> [WHAT TO DO]:
When you reach the line that contains "家装企业的平台化运营模式下,资源协同、管" below, transcribe it and each line after it word for word to the end of the records, omitting pictures.
------
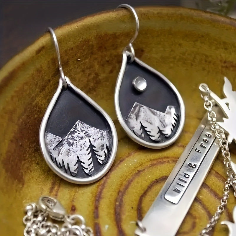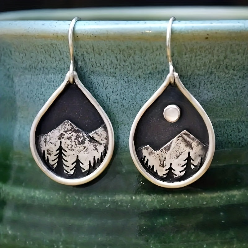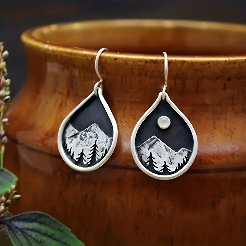 These earrings feature a unique vintage mountain pattern pendant design, making them perfect for parties or casual wear. They also make a great gift for a loved one.
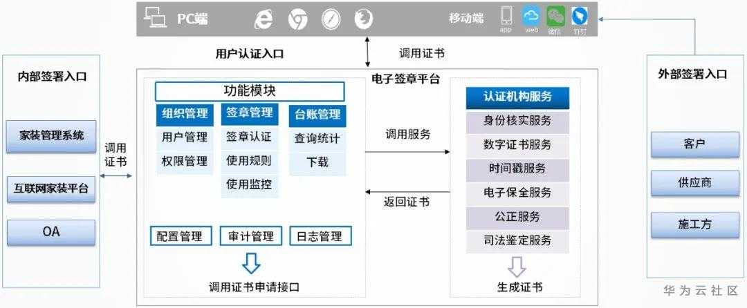 家装企业的平台化运营模式下,资源协同、管理协同对管理升级尤为重要。从实体印章向电子印章的转变可以帮助平台快速打通产业链中的业务信息渠道,实现业务全程电子化对接。
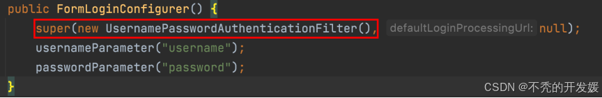 处理登录为 FormLoginConfigurer 类中 调用 UsernamePasswordAuthenticationFilter这个类实例
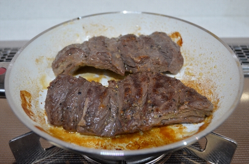 1.解凍したお肉に塩胡椒をかけて、ビニール袋に入れて密封し、1週間冷蔵庫でねかせます。
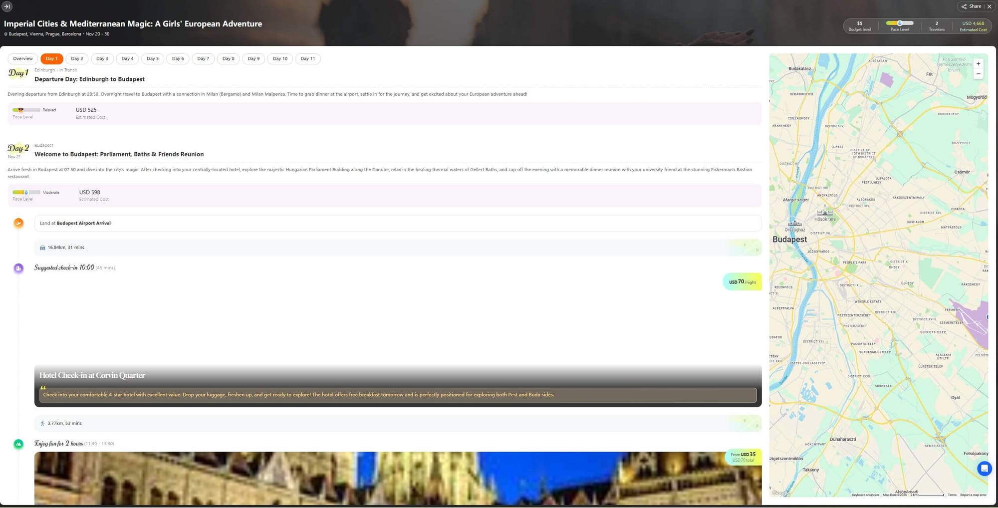 - The whole trip looks very detailed, and each recommended place is accompanied by ratings, budgets, and locations.
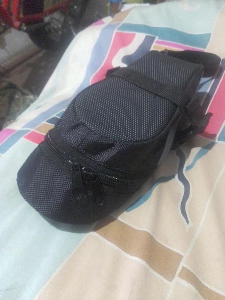 Bonita bolsa de bicicleta, ahora tengo todo lo que necesito conmigo. El montaje fue fácil, todo con velcro.
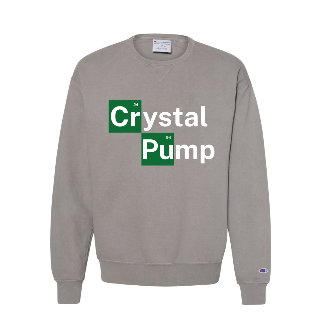 Instead of going on Alibaba and ordering the cheapest option to shill to people for a 700% markup, Crystal Pump crew necks are printed on Champion sweatshirts for a durable piece with a comfortable fit.
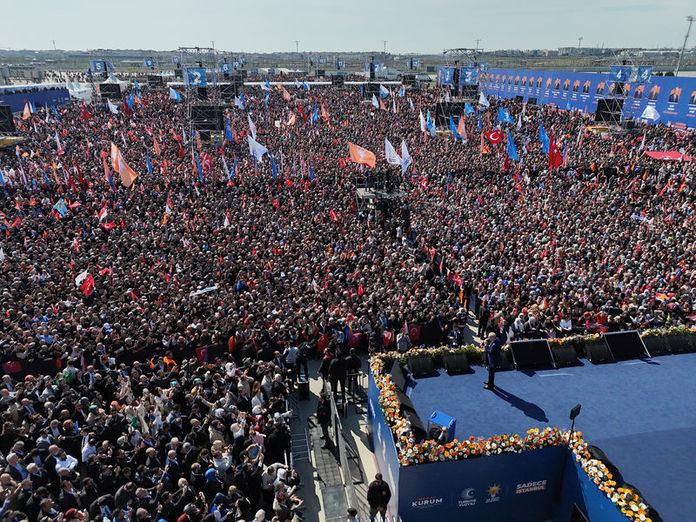 Şu anda diğer genel başkanlar evlerinde ofislerinde yatarken ben 25 vilayete gittim. Çalışacağız, koşacağız. İstanbul olunca konu bu yatırım listesi o kadar uzun ki tek tek anlatmaya kalksak günler yetmez. Şu anda karşımda 650 bin kişi var. Bu meydanda milyona alıştık, bugün ise 650 bin kişi.
------
> [SOLUTION TO THIS TASK]:
 家装企业的平台化运营模式下,资源协同、管理协同对管理升级尤为重要。从实体印章向电子印章的转变可以帮助平台快速打通产业链中的业务信息渠道,实现业务全程电子化对接。
 处理登录为 FormLoginConfigurer 类中 调用 UsernamePasswordAuthenticationFilter这个类实例
 1.解凍したお肉に塩胡椒をかけて、ビニール袋に入れて密封し、1週間冷蔵庫でねかせます。
 - The whole trip looks very detailed, and each recommended place is accompanied by ratings, budgets, and locations.
 Bonita bolsa de bicicleta, ahora tengo todo lo que necesito conmigo. El montaje fue fácil, todo con velcro.
 Instead of going on Alibaba and ordering the cheapest option to shill to people for a 700% markup, Crystal Pump crew necks are printed on Champion sweatshirts for a durable piece with a comfortable fit.
 Şu anda diğer genel başkanlar evlerinde ofislerinde yatarken ben 25 vilayete gittim. Çalışacağız, koşacağız. İstanbul olunca konu bu yatırım listesi o kadar uzun ki tek tek anlatmaya kalksak günler yetmez. Şu anda karşımda 650 bin kişi var. Bu meydanda milyona alıştık, bugün ise 650 bin kişi.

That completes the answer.